New Flames

Angel Olsen has been singing her entire life. Only now has she found her voice.

ANGEL OLSEN

Angel Olsen made it clear at the start of her career that she wasn't afraid to use her voice. 

Her solo debut, the 2011 EP Strange Cacti, was bare-boned, acoustic and raw, and highlighted by the singer's ability to carry a song by pushing and stretching her vocals near the breaking point. In those songs, her voice cracked and vacillated across sprawling melodies, moving from a whisper to a howl in the span of a single syllable.

Now with two full-length albums under her belt, including the freshly released Burn Your Fire for No Witness, the 27-year-old Missouri native continues to explore and transform her music. Switching a few years ago from acoustic to electric guitar and bringing in a full band to back her, Olsen sounds more at home than ever.

"I always sang," she says by phone while driving with her bandmates toward a tour stop in Nashville. "When I was little, I sang all the time."

Growing up, Olsen taught herself to imitate a variety of vocal styles by listening to everyone from Roger Miller to Mariah Carey to Tina Turner. After moving to Chicago at age 19, she gained attention by playing quiet solo sets at house shows around the city. In time, she caught the eye of eccentric singer-songwriter Will Oldham, who brought her on tour as part of a deliberately enigmatic project called the Babblers. While the mysterious group members would often hide behind sunglasses and hooded one-piece pajamas onstage, Olsen's haunting voice left audiences mesmerized.

After she toured and recorded with Oldham for nearly three years, Olsen's perspective on her own work began to shift.

"Singing in someone else's band, you use your voice differently than you would for your own music," she says. "So you learn how to use it in different ways. You realize that you are capable of using it in certain ways that you normally don't."

The results are obvious on her new record. Burn Your Fire for No Witness is a dynamic collection, fluctuating between energetic full-band tracks to minimal, deeply personal songs. Recorded in less than two weeks with producer John Congleton (the Walkmen, the Mountain Goats), the album feels robust and vibrant and, at times, fuzzy and rumbling. On "Hi-Five," an upbeat and sarcastic song about loneliness, Olsen channels Hank Williams at his most rollicking, evoking him directly in the opening line: "I feel so lonesome I could cry."

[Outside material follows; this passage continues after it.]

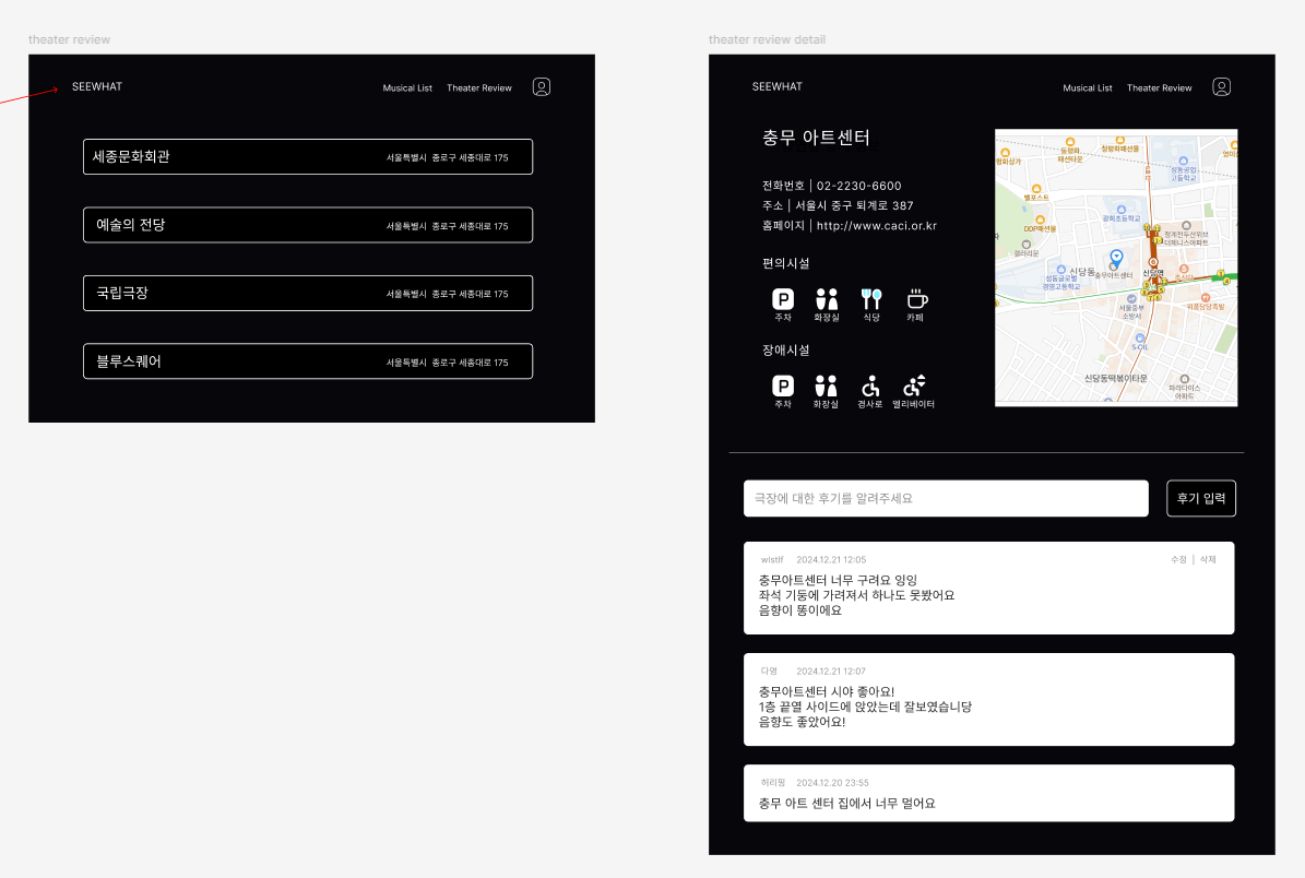 여기서 나는 한 팀원과 같이 공연장 리스트, 공연장 리뷰 페이지를 맡게 되었다.

Other times, the album feels like an audio diary—emotional and solitary—with Olsen singing as if she's letting someone in on a secret. Two months ago, Olsen left Chicago for Asheville, N.C. She had been contemplating the move for the last year, and many of the emotions surrounding that decision went into the new album. "White Fire" comes in stark contrast to "Hi-Five," with Olsen singing over a sparsely pulsing electric guitar, bringing to mind the poetic, conversational tone of Leonard Cohen. The songwriting takes a much more serious turn as well. "I heard my mother thinking me right back into my birth," she sings in a near-whisper. "I laughed so loud inside myself it all began to hurt."

Having struggled in the past to find an appropriate musical identity, Olsen sets aside all reservations on this record.

"There are songs where I want to play music, and I want to just sing," she says. "It's fun to use your voice in a louder way, especially for me because I've been playing quiet solo stuff for so long. It's a break for me to not have to do that all the time."

In these songs, she's simultaneously louder and quieter than before. Her writing is hard-hitting, personal and simple. She sounds comfortable and balanced. And like her album title suggests, Olsen's musical fire is blazing, and it feels like it's burning for no one but herself. 

SEE IT: Angel Olsen plays Mississippi Studios, 3939 N Mississippi Ave., with Cian Nugent, on Wednesday, March 5. 9 pm. $10 advance, $12 day of show. 21+.